Register the dataset with Llama Stack's Datasets API using the direct rows approach.


In [5]:
# De-register the dataset if it already exists
dataset_id = "ragas_demo_dataset"
try:
    client.datasets.unregister(dataset_id)
except Exception:
    pass

INFO:httpx:HTTP Request: DELETE https://815a5b807252.ngrok-free.app/v1/datasets/ragas_demo_dataset "HTTP/1.1 404 Not Found"


In [6]:
dataset_response = client.datasets.register(
    dataset_id=dataset_id,
    purpose="eval/question-answer",  # RAG evaluation purpose
    source={"type": "rows", "rows": evaluation_data},
    metadata={
        "provider_id": "localfs",  # seems there's a bug in datasets
        "description": "Sample RAG evaluation dataset for Ragas demo",
        "size": len(evaluation_data),
        "format": "ragas",
        "created_at": datetime.now().isoformat(),
    },
)
pprint(dataset_response)

INFO:httpx:HTTP Request: POST https://815a5b807252.ngrok-free.app/v1/datasets "HTTP/1.1 200 OK"


## Benchmark Registration

Register a benchmark that defines what metrics to use for evaluation.


In [7]:
# comment out the provider you don't want to run
benchmarks_providers = [
    ("ragas_demo_benchmark__inline", PROVIDER_ID_INLINE),
    ("ragas_demo_benchmark__remote", PROVIDER_ID_REMOTE),
]

for benchmark_id, provider_id in benchmarks_providers:
    benchmark_response = client.benchmarks.register(
        benchmark_id=benchmark_id,
        dataset_id=dataset_id,
        scoring_functions=[
            "answer_relevancy",  # How relevant is the answer to the question?
            # "context_precision",     # How precise are the retrieved contexts?
            # "faithfulness",          # How faithful is the answer to the contexts?
            # "context_recall",        # How much of the ground truth is covered by contexts?
            # "answer_correctness"  # How correct is the answer compared to ground truth?
        ],
        provider_id=provider_id,
        # metadata={
        #     "provider": "ragas",
        #     "version": "1.0",
        #     "metrics_count": len(ragas_metrics),
        #     "created_at": datetime.now().isoformat()
        # }
    )

pprint(benchmark_response)

INFO:httpx:HTTP Request: POST https://815a5b807252.ngrok-free.app/v1/eval/benchmarks "HTTP/1.1 200 OK"
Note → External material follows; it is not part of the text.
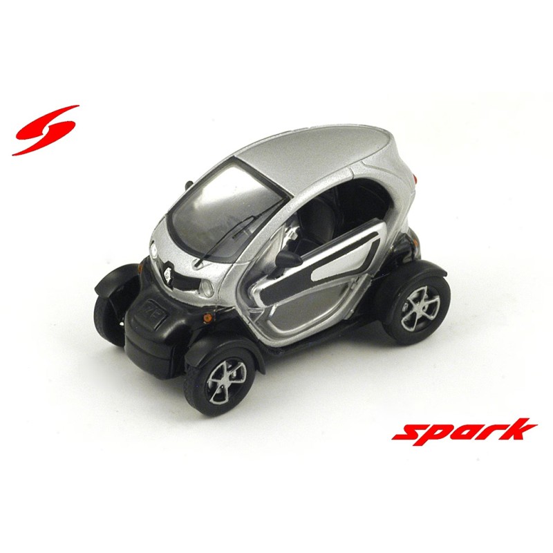 Miniature diecast car 1/43 de la Renault Twizy couleur Silver. Modèle réduit de voiture Spark S4500. Catalogue Miniatures automobile Spark 2026. Maquette auto de collection.

INFO:httpx:HTTP Request: POST https://815a5b807252.ngrok-free.app/v1/eval/benchmarks "HTTP/1.1 200 OK"


In [8]:
benchmarks = client.benchmarks.list()
pprint(benchmarks)

INFO:httpx:HTTP Request: GET https://815a5b807252.ngrok-free.app/v1/eval/benchmarks "HTTP/1.1 200 OK"


## Evaluation Execution

Run the evaluation using our Ragas out-of-tree provider.


In [15]:
# Review settings in distributinon/run.yaml, eg., note that
# since we can't set the embedding model in the benchmark config,
# the embedding model is set in the distribution run.yaml file(all-MiniLM-L6-v2)

remote_job = client.eval.run_eval(
    benchmark_id="ragas_demo_benchmark__remote",
    benchmark_config={
        "eval_candidate": {
            "type": "model",
            "model": "ollama/granite3.3:2b",
            "sampling_params": {"temperature": 0.1, "max_tokens": 100},
        },
        "scoring_params": {},
        # "num_examples": 1,
    },
)
pprint(remote_job)

INFO:httpx:HTTP Request: POST https://815a5b807252.ngrok-free.app/v1/eval/benchmarks/ragas_demo_benchmark__remote/jobs "HTTP/1.1 200 OK"


In [20]:
# Review settings in distributinon/run.yaml, eg., note that
# since we can't set the embedding model in the benchmark config,
# the embedding model is set in the distribution run.yaml file(all-MiniLM-L6-v2)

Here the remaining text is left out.